# Mathew 5:20 Unless your righteosness...



## Eoghan (Sep 10, 2009)

In discussing the text (Understanding the Difficult Words of Jesus- Bivin/Blizzard) much is made of the "underlying Hebrew text", of which we have the Greek translation , in english.

The word for *righteousness* is _tsedekhah _(Hebrew) and by the time of Jesus it had taken on a secondary more narrow meaning - almsgiving. The older OT meaning is of righteosness in the context of salvation or deliverance. Thus Jesus is playing on words - effectively saying unless our righteosness is bigger than the almsgiving of the Pharisees we cannot enter the kingdom of God.

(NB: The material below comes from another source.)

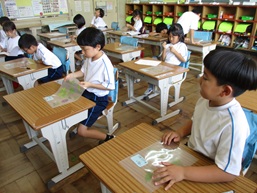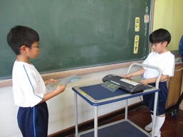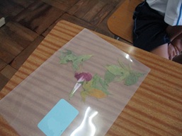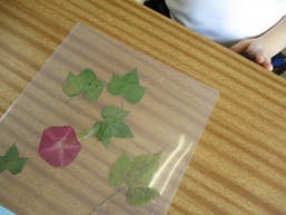 先週作ったあさがおの押し花で、下敷きを作りました。ラミネート加工機を使って、出てきた下敷きを見て、思わず歓声があがりました。

Now leaving aside the question of the Hebrew undertext  I cannot see that there is much of note here. Indeed I feel that this "explanation" plays down the text.

In Greek there is the suggestion that a QUALITATIVELY different righteousness is required. (Grace v's Law) This seems to be lost in this "explanation". I can't see that this "Hebrew" is helpful at all.

Every time I come across this emphasis on the "Hebrew" it goes off like a dampp squib, revealing nothing that the analogy of faith and a careful contextual exposition would not reveal.

When it does give a different nuance, I want to stick with the Greek!


----------



## Herald (Sep 10, 2009)

Even if almsgiving was the direct Greek translation it doesn't remove the fact that the Pharisees were trusting in a works righteousness. The distinction between grace and law still stands (Romans 4).


----------



## au5t1n (Sep 10, 2009)

My only question to them would be, *what* "underlying Hebrew text"? There is no proof it wasn't written in Greek to begin with. Jesus probably taught in Aramaic, but the Greek fluency of Apostles like Peter and John, who were fisherman, indicates that Koine was common knowledge. How do we know there even *is* an "underlying Hebrew text"?


----------



## Eoghan (Sep 10, 2009)

Herald said:


> Even if almsgiving was the direct Greek translation it doesn't remove the fact that the Pharisees were trusting in a works righteousness. The distinction between grace and law still stands (Romans 4).



almsgiving is the translation of the *Hebrew*! 

There would appear to be an attempt on the part of some to deny that the NT can be understood in Greek. It requires a knowledge of the Hebrew "original". In their theology the original was Hebrew. There is "some" evidence for Mathew being written in Hebrew, this from Eusebius. (Still to check up on him)

In my opinion if the original _was_ Hebrew it is lost! We have the Greek text and I trust in providence. 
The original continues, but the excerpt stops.